As stay-at-home orders begin lifting around the country, national parks are slowly starting to open back up to visitors looking to take in some scenic sights.

"In accordance with this guidance and in coordination with governors across the country, the Department of the Interior and the National Park Service are working to reopen the American people’s national parks as rapidly as possible," Interior Secretary David Bernhardt said in a statement.

"It is time the American people once again enjoy the incredible benefits of the great outdoors at our national parks, and we will be making that happen while working with our nation’s governors," the post added.

The National Park Service states that some parks may be partially closed or have facilities that are not operational, per USA Today.

Since not all parks have the same rules and things are changing rapidly, visitors are encouraged to check each park's website for any updates ahead of their visit.

Here are the latest updates for some of the most popular national parks:

The Great Smoky Mountains National Park, Tennessee and North Carolina

The most-visited national park has opened roads, trails, picnic areas, and restrooms. Visitor centers, campgrounds, and concessions are closed for the time being. Go to for the latest road and facility closures.

Grand Canyon National Park, Arizona

The South Rim of the park will resume being open 24 hours a day starting on June 5. The North Rim will be open during the day. Mather Campground will honor existing reservations. Lodging on both rims will begin in phases throughout June.

The Rocky Mountain National Park, Colorado

Reservations are required! The park will have a timed, reserved entry system through the summer starting June 4. Visitors can reserve and pay ahead of time at Parts of the park will be opening in a phased approach.

Zion National Park, Utah

Day hiking will be allowed on trails. The Zion Canyon Scenic Drive will be open to private vehicles until it reaches capacity. Shuttles will not be operating. The lodge will be open with limited capacity. Kolob Canyons area remains closed.
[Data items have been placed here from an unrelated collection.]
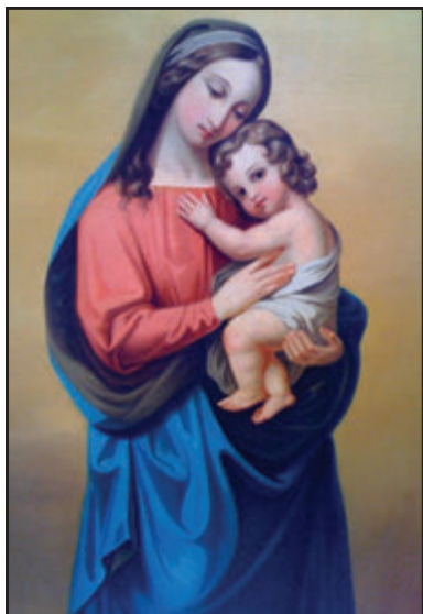
Our Lady of Charity, Pray for Us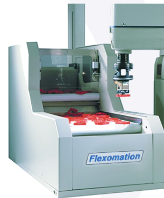
FF250 with Robot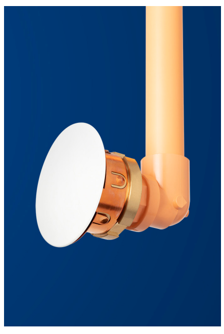
DO NOT use thread tape or sealant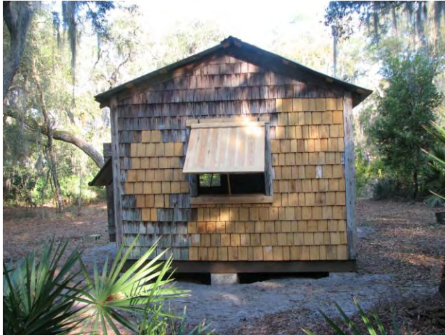
(2011_03_21, IMG 5105) South side of cabin.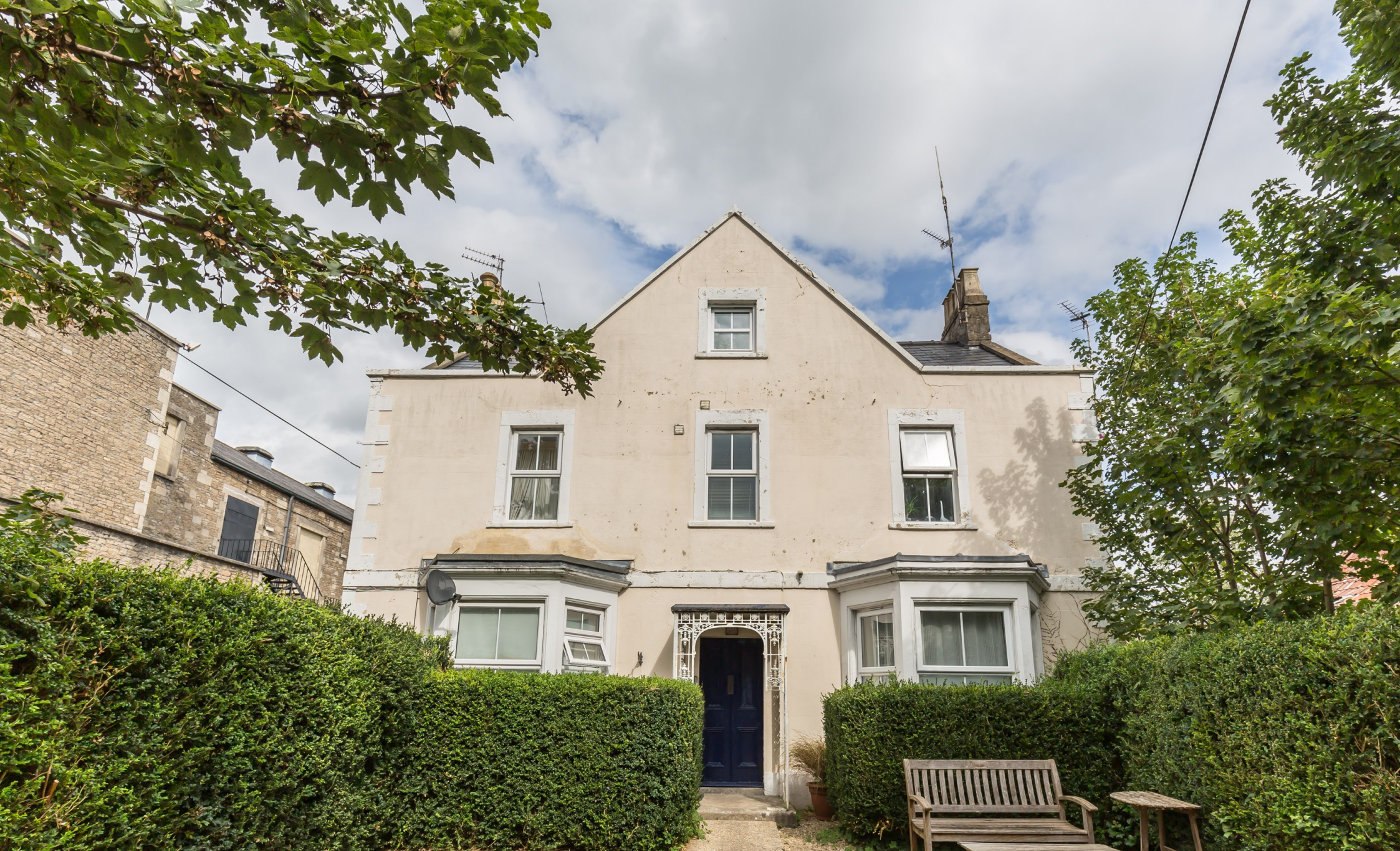
Christchurch Street West, Frome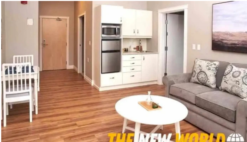
The maples supportive living by owner

Yosemite National Park, California

The park is currently closed to visitors.

Yellowstone National Park, Idaho, Wyoming and Montana

All entrances have re-opened for day-use only. Other facilities such as campgrounds and visitor centers remain closed. Only cabin-style accommodations. Food services will be available "grab and go" style.

Acadia National Park, Maine

Maine is still under a 14-day quarantine order for out-of-town visitors, but the parks have partially reopened. Hiking trails along the Park Loop Road are open along with trash collection and restrooms. The Carriage Roads will open June 5 to pedestrians only.

The Hulls Cove Visitors Center is partially open, while campgrounds will not open any sooner than July 1.

Grand Teton National Park, Wyoming

The park is partially open. Hiking is available during the day. Riverbank and lakeshore fishing is allowed along with biking and wildlife tours.

Other amenities including campgrounds and overnight lodging remain closed. Food service is also closed. Boating on lakes and rivers is prohibited.

Olympic National Park, Washington

The park is taking a phased reopening approach and will be open partially while coastal areas -- beaches, parking trails and facilities -- remain closed.

Camping is not open, but there is limited lodging and take-out dining.

Glacier National Park, Montana

The park remains closed and will embrace a phased reopening. The first phase will include roads, restrooms and trails, while the second phase includes campgrounds, retail, lodging, and dining.